Every week a selection of leading experts answer a new question from Judy Dempsey on the foreign and security policy challenges shaping Europe’s role in the world.

Published on March 5, 2014

Every week a selection of leading experts answer a new question from Judy Dempsey on the foreign and security policy challenges shaping Europe’s role in the world.

Ian BrzezinskiSenior fellow at the Atlantic Council

If Russian President Vladimir Putin’s provocative territorial grab in Ukraine is to be reversed, more than Europe will have wake up. The transatlantic community as a whole will have to demonstrate the commitment necessary to make Russian forces return to their barracks.

NATO, U.S., and EU leaders have warned of grave consequences for Russia should it continue its incursion into Ukraine. Some have suggested economic and political sanctions, including Russia’s expulsion from the G8 group of industrialized nations, suspension of trade negotiations, and the freezing of Russian corporate assets.

Yet, the West still balks at taking even defensive military actions that would reinforce Ukraine’s security, reassure NATO’s Eastern members, and complicate Russia’s military planning. Such actions could include mobilizing NATO’s rapid-reaction Response Force, deploying defense assets to Central Europe and the Black Sea, and providing security assistance to Ukraine.

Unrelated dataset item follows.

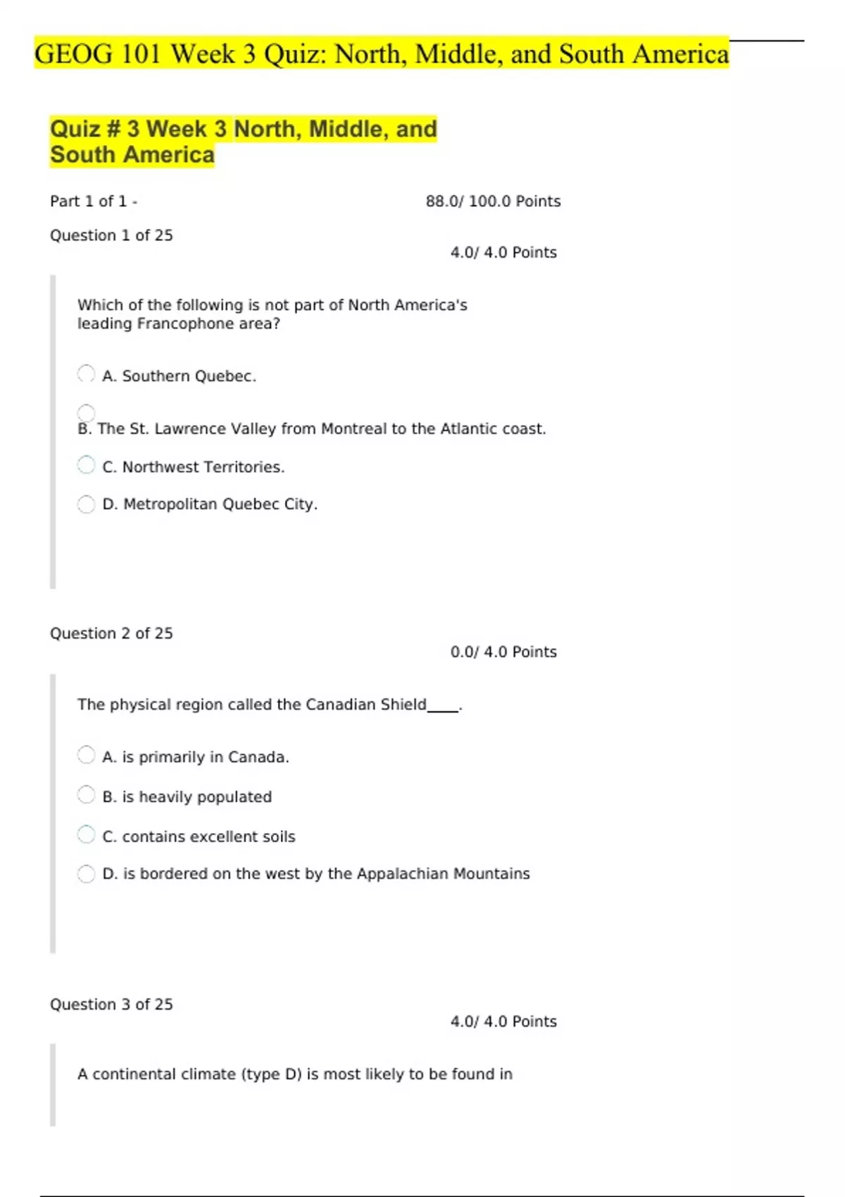 GEOG 101 Week 3 Quiz North, Middle, and South America. questions and answers} (2022/2023) (verified answers)

Economic and political sanctions are necessary but unlikely to be sufficient to compel Putin to reverse course. He has surely concluded that he can ride out those consequences, just as he did after invading Georgia in 2008. Meanwhile, if NATO limits its role in this crisis to consultations, its relevance as a security institution will be significantly diminished.

Rob de WijkDirector of the Hague Center for Strategic Studies

The current Ukrainian crisis should serve as a wake-up call for Europe. Russia’s occupation of Crimea is the price the EU pays for the neglect of its armed forces, a financial crisis that spiraled out of control, a lack of strategic thinking, and political disunity.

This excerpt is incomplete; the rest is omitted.